Hello all,
I just had a REVELATION last night (listening to session #3) that I'd like to share with the list.
Now being a skeptic and a pessimist, I avoided therapy for a long time thinking it was stupid and only worked for gullible people (sorry).
I thought repeating positive things to myself to make me feel better was basically telling myself lies so I could screw reality and be happy. I thought I was too smart and that it wouldn't work for me.
But last night, I realized what potent a technique repeating things to yourself is. I realized:
THAT'S HOW I GOT THIS WAY IN THE FIRST PLACE!
All it took was some teasing in grade school and I got it into my head that I was awkward and that I had nothing good to offer.
As the years went by, without realizing it, I repeated this to myself over and over with every goof up, and every little mistake I made. I knew I was just a worthless loser, and that I had too good a grip on reality to believe in positive reinforcement.
But my "reality" had been shaped through repetition and reinforcement of negative thoughts.

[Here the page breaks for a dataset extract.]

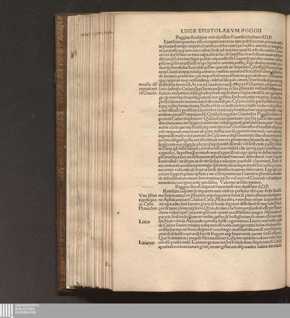 Poggii Florentini Oratoris || Clarissimi, Ac Sedis Apo.|| Secretarii Opervm || : Primae partis contenta. Historia disceptatiua de Avaricia. Histori[a]e disceptatiu[a]e Convivales tres. ... Asinvs Lvciani p[er] Poggiu[m] e gr[a]eco in latinu[m] versus. ... Secundae partis contenta. Liber Epistolarvm ... De laude Rvris siue rei rusticae. ... Finem ... Facetiarvm sales ponunt. ... Indice ... desuper confecto ... / [hrsg. von Thomas D. Avcvparivs]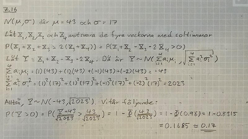 Laguna skrev:Vi har fyra stokastiska variabler, A, B, C, D, för soltimmarna de fyra veckorna.

Now I see the power in telling yourself things. It's a matter of perception, and perception is changed through repetition and reinforcement.
We're living proof of that.
Therapy is the same thing we've been doing for all these years, except it makes you feel better, not worse. For the first time in years I feel like life will get better.
So to all you skeptics out there unsure about the therapy, try and look at it in a different light.
-- Todd
Todd: This is a concise and insightful explanation of why cognitive-behavioral therapy works for social anxiety.
Whether we know it or not, we, as human beings, are continually doing "therapy" on ourselves.
We literally reinforce our own inaccurate, irrational beliefs by thinking, talking and acting in socially anxious ways. The more that time goes by, the more and more
we are convinced that we are nothing but our social anxiety.
We "learned" to have social anxiety (it is not our fault) and the only way we can overcome social anxiety is to "learn" to think, perceive, and believe more accurately and rationally.
Only a rational "learning" therapy, which is what "cognitive" means, has the capacity to do this in our brains. And, we must have brain changes or we stay stuck in the vicious cycle of social anxiety for the rest of our lives.
Social anxiety has kept us bound up for years in misery and pain, and it will continue to do so until we begin to "learn" to think more rationally about ourselves and the social situations we live in. Only cognitive therapy for social anxiety can do this.
This message has the potential for changing thousands of lives... thank you, Todd.